Copy the closing run of lines, from the one with "Nesta quinta, um" through the last line of the listing, exactly and without any pictures.

::: Supplied material :::

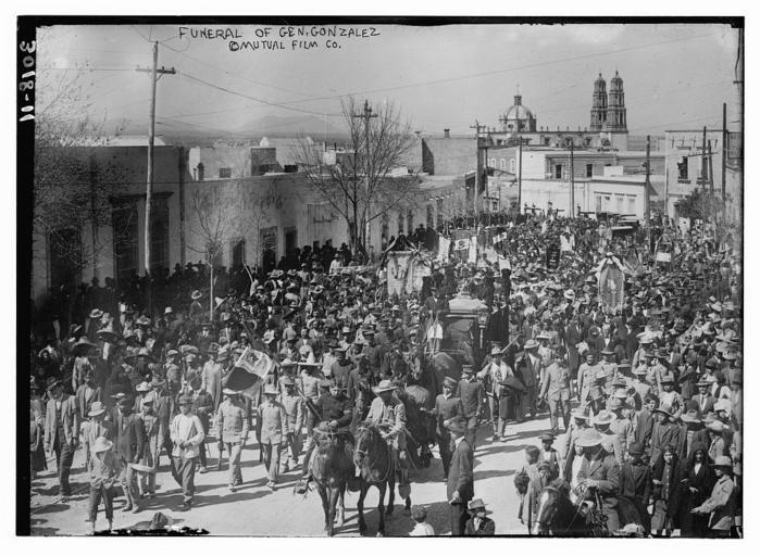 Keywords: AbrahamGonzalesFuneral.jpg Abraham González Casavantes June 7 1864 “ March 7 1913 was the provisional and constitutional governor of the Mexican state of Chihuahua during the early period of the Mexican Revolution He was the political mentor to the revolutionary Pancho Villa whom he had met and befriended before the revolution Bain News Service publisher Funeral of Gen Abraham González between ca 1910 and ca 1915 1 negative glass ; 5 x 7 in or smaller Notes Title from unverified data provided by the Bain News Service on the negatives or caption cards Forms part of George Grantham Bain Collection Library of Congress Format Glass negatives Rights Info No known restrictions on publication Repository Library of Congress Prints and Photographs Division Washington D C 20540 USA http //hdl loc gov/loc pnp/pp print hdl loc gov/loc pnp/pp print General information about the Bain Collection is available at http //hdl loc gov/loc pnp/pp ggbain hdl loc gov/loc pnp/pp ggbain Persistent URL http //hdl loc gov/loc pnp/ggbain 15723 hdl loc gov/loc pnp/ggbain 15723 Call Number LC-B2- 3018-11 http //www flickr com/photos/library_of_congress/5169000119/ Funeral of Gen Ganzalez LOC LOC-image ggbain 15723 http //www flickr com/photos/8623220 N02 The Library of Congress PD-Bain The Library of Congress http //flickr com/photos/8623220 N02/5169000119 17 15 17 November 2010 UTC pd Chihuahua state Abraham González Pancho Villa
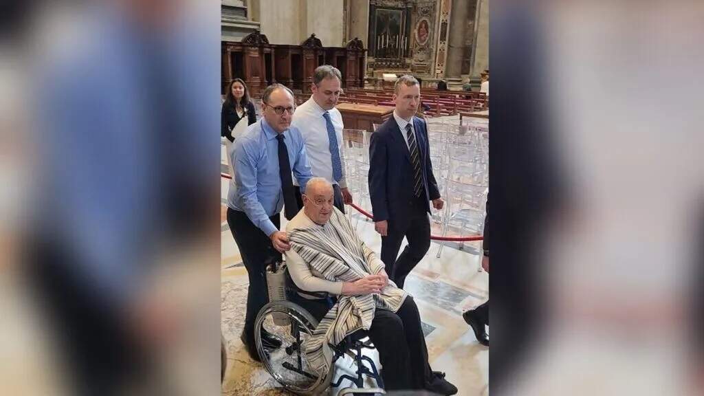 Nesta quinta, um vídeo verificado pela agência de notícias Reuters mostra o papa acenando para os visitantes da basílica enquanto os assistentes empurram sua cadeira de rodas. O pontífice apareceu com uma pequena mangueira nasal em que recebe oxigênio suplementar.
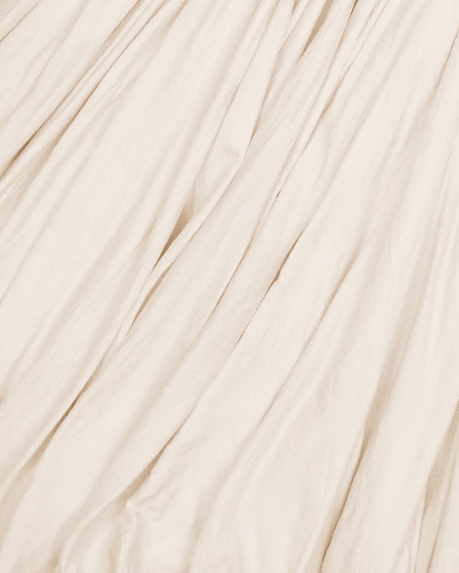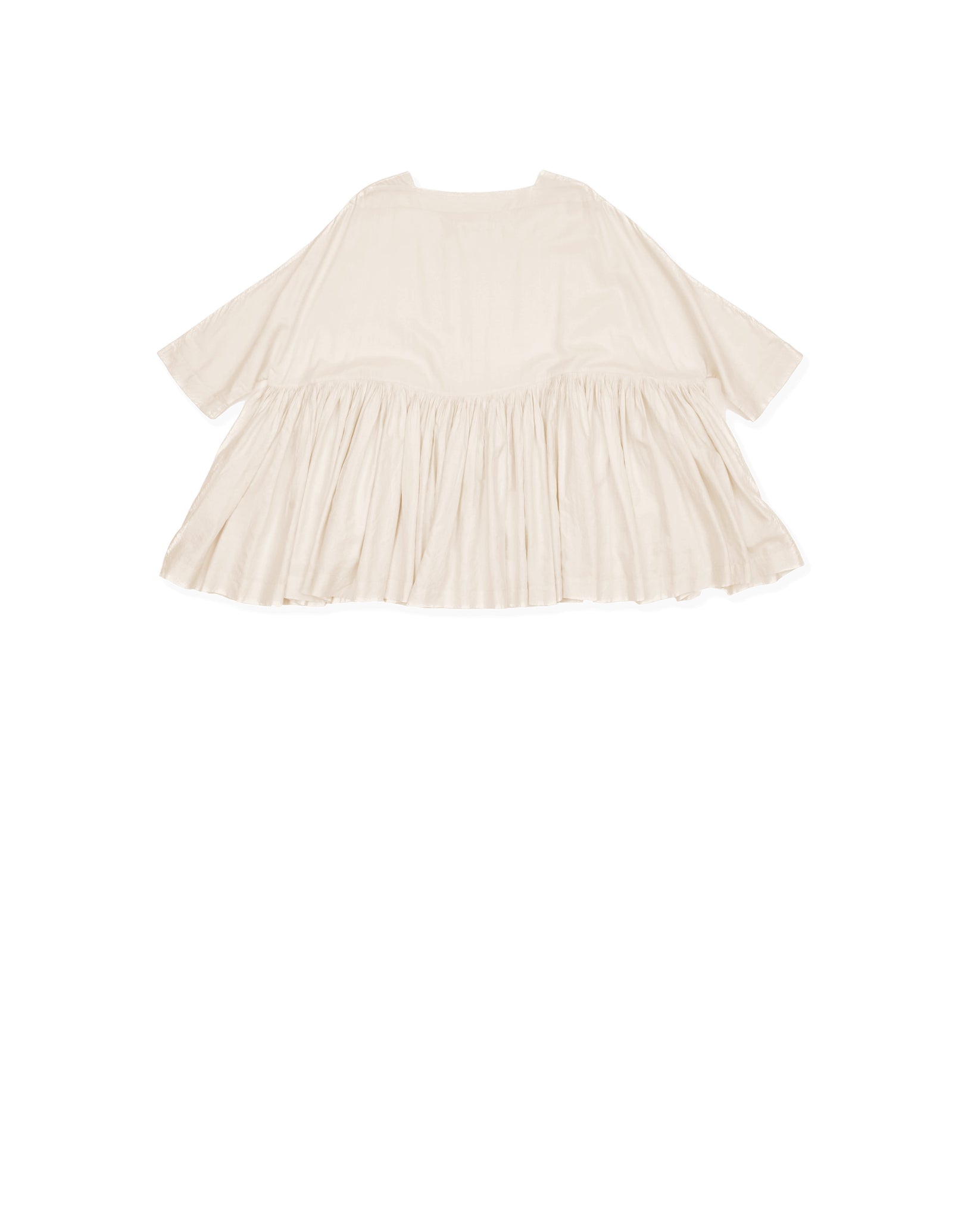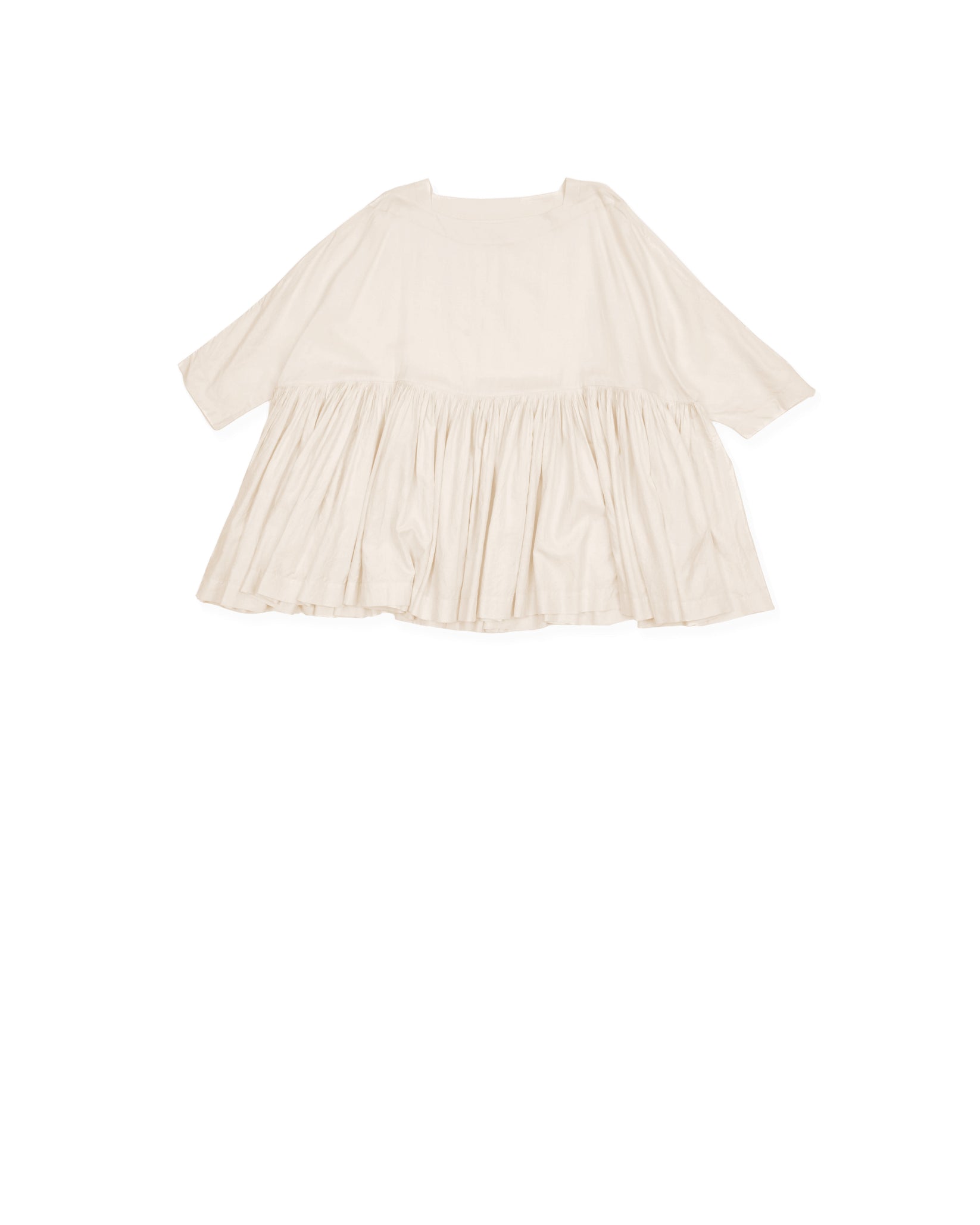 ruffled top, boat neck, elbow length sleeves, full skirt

:::

• _Exercise output_:
 Nesta quinta, um vídeo verificado pela agência de notícias Reuters mostra o papa acenando para os visitantes da basílica enquanto os assistentes empurram sua cadeira de rodas. O pontífice apareceu com uma pequena mangueira nasal em que recebe oxigênio suplementar.
 ruffled top, boat neck, elbow length sleeves, full skirt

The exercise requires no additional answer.